Thursday, September 24, 2009

Systematic Investment Plan(SIP)..Whats That?

Wealth creation is an art and over the years it has changed its avenues and area of interest for investors.



In this blog, we will discuss what is SIP and what are the benefits of SIP?



SIP or systematic investment plan is a simple and time honored investment strategy for creation of wealth in a disciplined manner over long term period.

It aims at a better future for investors by giving a good rate of return as compared to one time investor in volatile market by lowering the average purchase cost.



It is evident from the recent slowdown that the Mutual fund invested trough SIP route has prevented the pitfalls of equity investment and is enjoying the high returns, if compared.



So it makes all the more sense today when the stock markets are volatile.



BENEFITS of SIP.

1. Power of compounding:

If money is invested at an early age one can make money work with greater power of compounding with significant impact on wealth accumulation.



2.Rupee cost averaging:

It is not so easy to predict the movements of the market.

An automatic market timing mechanism that eliminates the need to time one’s investments is Rupee cost averaging.

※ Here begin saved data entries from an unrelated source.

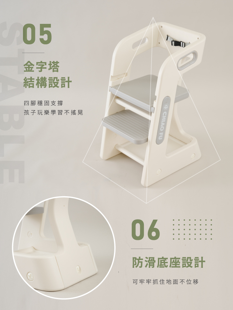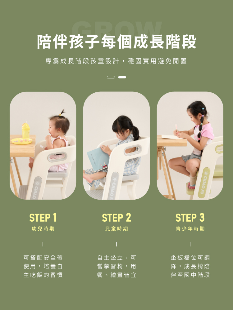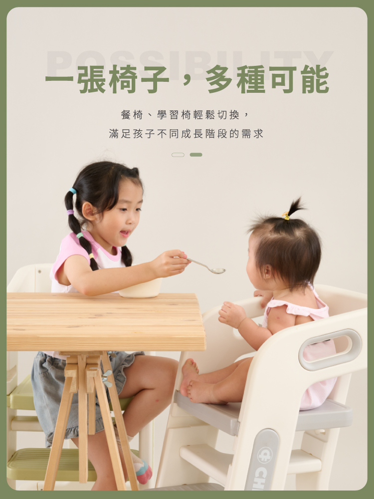 兒童時期:自主坐立,可當學習椅,用餐、繪畫皆宜
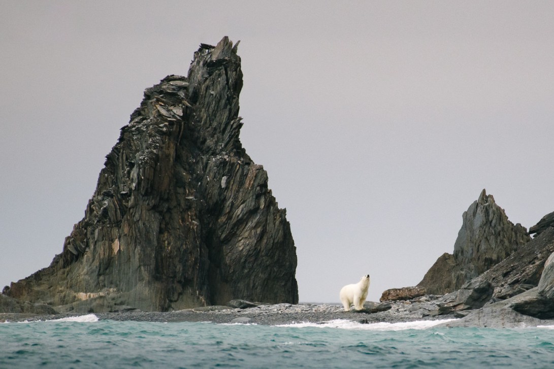 A polar bear waits by on a beach near sea stacks on Russia’s Herald Island in August, for the return of the sea ice. The retreat of the summer ice in the western Chukchi Sea has concentrated hundreds of polar bears on this island and nearby Wrangell, so personal space for these non-social bears is limited.
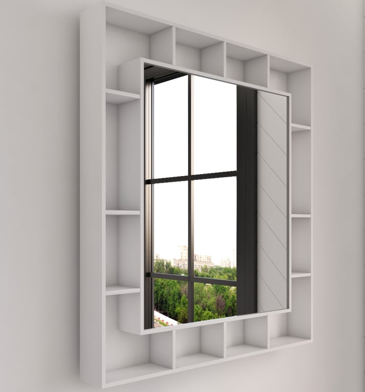 مرآة حمام عصرية مزودة بعدة أرفف تخزين، مصنوعة من الخشب الطبيعي المقاوم للرطوبة، لتجمع بين العملية، والأناقة، والوصول السهل إلى جميع المستلزمات.
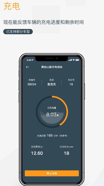 到达目的地充电桩后,可通过现场操作对车辆进行充电,并可以随时结束充电。
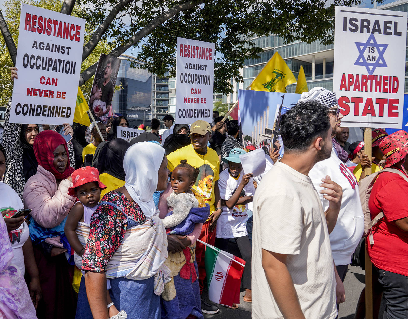 在位于南非约翰内斯堡的好意思国驻约翰内斯堡总领馆外,寰球荟萃抗议好意思以对伊朗动武。

Though SIP does not guarantee profit, but one can invest through it as it goes a long way in minimizing the effects of investing in volatile markets.



3. Convenience:

It is very easy and convenient to operate through SIP route as it could be done by simply providing post dated cheques with the completed enrolment form or give ECS instructions.

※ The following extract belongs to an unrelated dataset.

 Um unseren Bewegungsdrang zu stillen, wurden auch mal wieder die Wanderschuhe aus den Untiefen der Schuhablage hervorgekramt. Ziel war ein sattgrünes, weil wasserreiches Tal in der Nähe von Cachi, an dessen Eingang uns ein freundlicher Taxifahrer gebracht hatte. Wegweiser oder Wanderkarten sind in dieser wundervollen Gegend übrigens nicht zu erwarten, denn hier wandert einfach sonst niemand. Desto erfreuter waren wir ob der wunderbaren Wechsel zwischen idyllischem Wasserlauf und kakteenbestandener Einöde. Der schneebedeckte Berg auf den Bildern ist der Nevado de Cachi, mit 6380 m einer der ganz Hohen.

The cheques can be deposited on the specified dates and the units credited into the investor’s account.

The SIP facility is available in most of the categories in domestic Mutual Fund industry.



SIP features:

If one would like to earn a good return from its principal then he should have a disciplinary approach.

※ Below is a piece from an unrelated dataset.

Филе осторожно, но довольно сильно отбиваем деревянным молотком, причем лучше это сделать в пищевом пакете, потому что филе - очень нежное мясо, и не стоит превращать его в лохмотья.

The disciplinary approach is a vital to earning good returns over a longer time frame.

Once invested through sip route, investors are saved from bothering to identifying the ideal entry and exit points from volatile markets.



Conclusion:

Though SIP resolves a dilemma often facing investors due to ups and downs in the market price but investor finds it difficult to decide when to invest in the equity scheme.

The success of investors SIP hinges on the performance of his/ her selected scheme.

If the investor is able to make wise decisions and make the best of the Indian volatile market, SIP is definitely a powerful tool to create wealth over time.